# Data Exploration and Exploratory Data Analysis (EDA)
## Deep Learning-Based Lung Cancer Risk Prediction

**Research Title:** Deep Learning-Based Lung Cancer Risk Prediction: A Comparative Study of Artificial Neural Network Performance with Clinical Feature Analysis

**Notebook Purpose:** This notebook performs comprehensive exploratory data analysis on the lung cancer dataset, including:
- Data loading and basic statistics
- Missing value analysis
- Feature distribution analysis
- Correlation analysis
- Statistical tests for feature significance

---


In [None]:
# Import required libraries
import sys
sys.path.append('../src')

import pandas as pd
import numpy as np
import matplotlib.pyplot as plt
import seaborn as sns
from scipy import stats
import warnings
warnings.filterwarnings('ignore')

# Import custom modules
from data_preprocessing import LungCancerDataPreprocessor
from feature_analysis import FeatureAnalyzer, FeatureVisualizer

# Set plotting style
sns.set_style('whitegrid')
plt.rcParams['figure.figsize'] = (12, 6)
plt.rcParams['font.size'] = 10

print("Libraries imported successfully!")


In [None]:
# Initialize preprocessor and load data
DATA_PATH = '../data/survey lung cancer.csv'
preprocessor = LungCancerDataPreprocessor(DATA_PATH)
df = preprocessor.load_data()

# Display basic information
print(f"\nDataset shape: {df.shape}")
print(f"\nFirst 5 rows:")
df.head()


In [None]:
# Comprehensive data exploration
exploration_results = preprocessor.explore_data()


In [None]:
# Visualize target distribution
target_counts = df['LUNG_CANCER'].value_counts()
fig, axes = plt.subplots(1, 2, figsize=(14, 5))

target_counts.plot(kind='bar', ax=axes[0], color=['#2ecc71', '#e74c3c'])
axes[0].set_title('Lung Cancer Distribution', fontsize=14, fontweight='bold')
axes[0].set_xlabel('Lung Cancer Status')
axes[0].set_ylabel('Count')
axes[0].tick_params(axis='x', rotation=0)

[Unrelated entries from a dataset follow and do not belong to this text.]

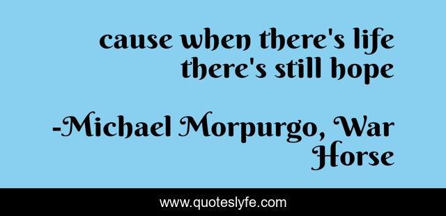 "Michael Morpurgo, War Horse Quotes." Quoteslyfe.com, 2025. Sun. 07 Dec. 2025. <https://www.quoteslyfe.com/quote/cause-when-there-s-life-there-s-5313>.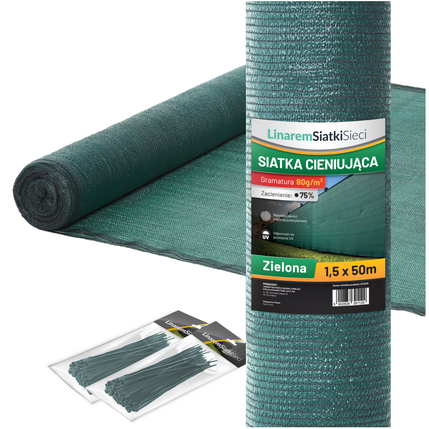 SIATKA CIENIUJĄCA 75% 1,5m x 50m LINAREM SIATKISIECI 80g/m2 W KOLORZE ZIELONYM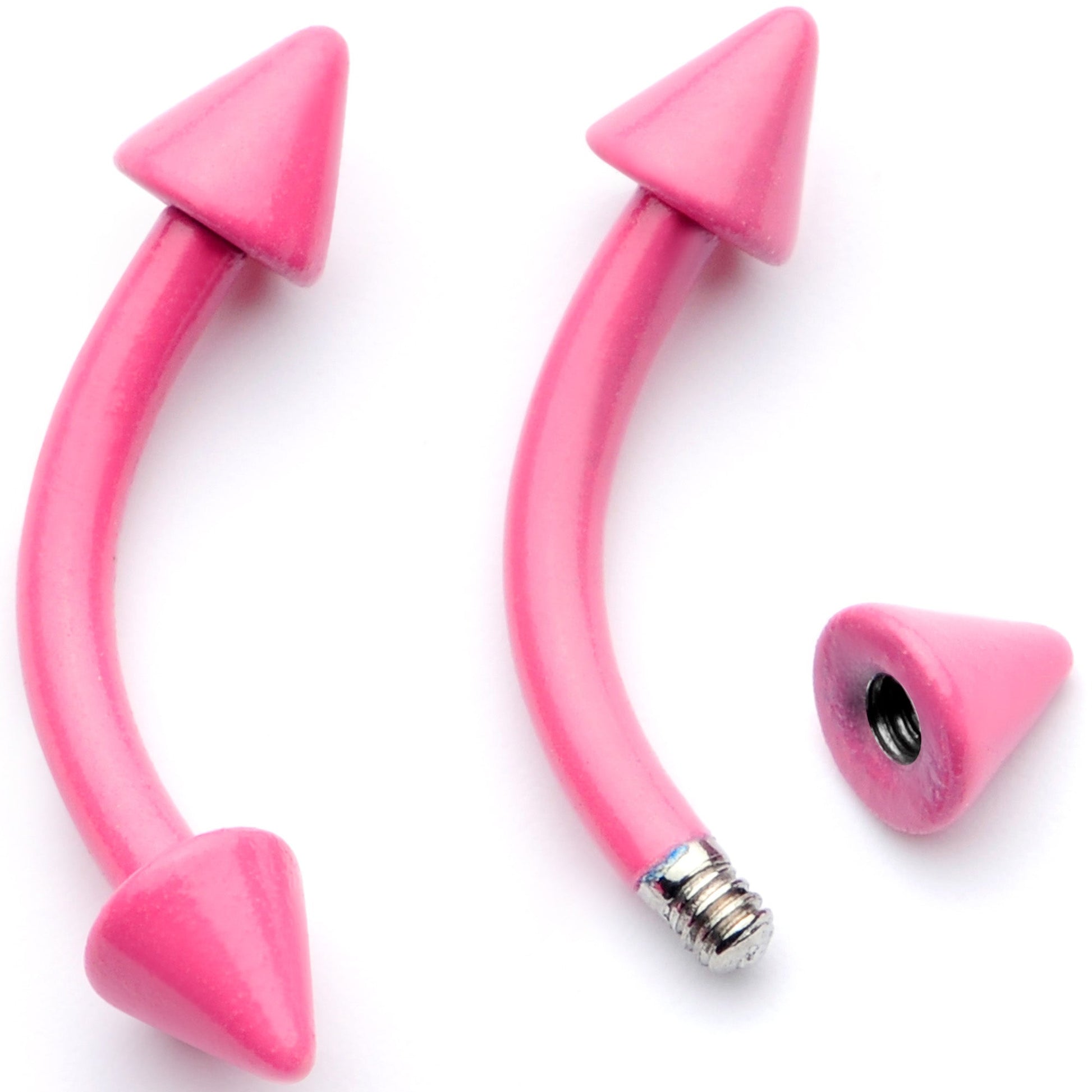 16G 5/16 Pink Glow in the Dark Cone End Curved Barbell Set of 2

axes[1].pie(target_counts, labels=target_counts.index, autopct='%1.1f%%',
           colors=['#2ecc71', '#e74c3c'], startangle=90)
axes[1].set_title('Lung Cancer Distribution')

plt.tight_layout()
plt.savefig('../figures/target_distribution.png', dpi=300, bbox_inches='tight')
plt.show()


In [None]:
# Feature analysis
X, y = preprocessor.get_full_dataset()
feature_names = preprocessor.get_feature_names()

analyzer = FeatureAnalyzer(X, y, feature_names)
rf_importance = analyzer.calculate_feature_importance_rf()
comprehensive_importance = analyzer.get_comprehensive_importance()

print("\nTop 10 Most Important Features:")
print(comprehensive_importance[['Feature', 'Average_Importance']].head(10))

# Visualize
FeatureVisualizer.plot_feature_importance(
    rf_importance,
    title="Feature Importance Analysis",
    save_path='../figures/feature_importance_eda.png'
)


In [None]:
# Correlation analysis
df_corr = df.copy()
df_corr['GENDER'] = df_corr['GENDER'].map({'M': 1, 'F': 0})
df_corr['LUNG_CANCER'] = df_corr['LUNG_CANCER'].map({'YES': 1, 'NO': 0})

FeatureVisualizer.plot_correlation_matrix(df_corr, save_path='../figures/correlation_matrix.png')


## Summary

This exploratory analysis has revealed:
1. Complete dataset with no missing values
2. Strong predictive features identified
3. Significant correlations between clinical symptoms and cancer diagnosis
4. Dataset ready for deep learning model development

Next step: Proceed to model training and comparison in notebook 02.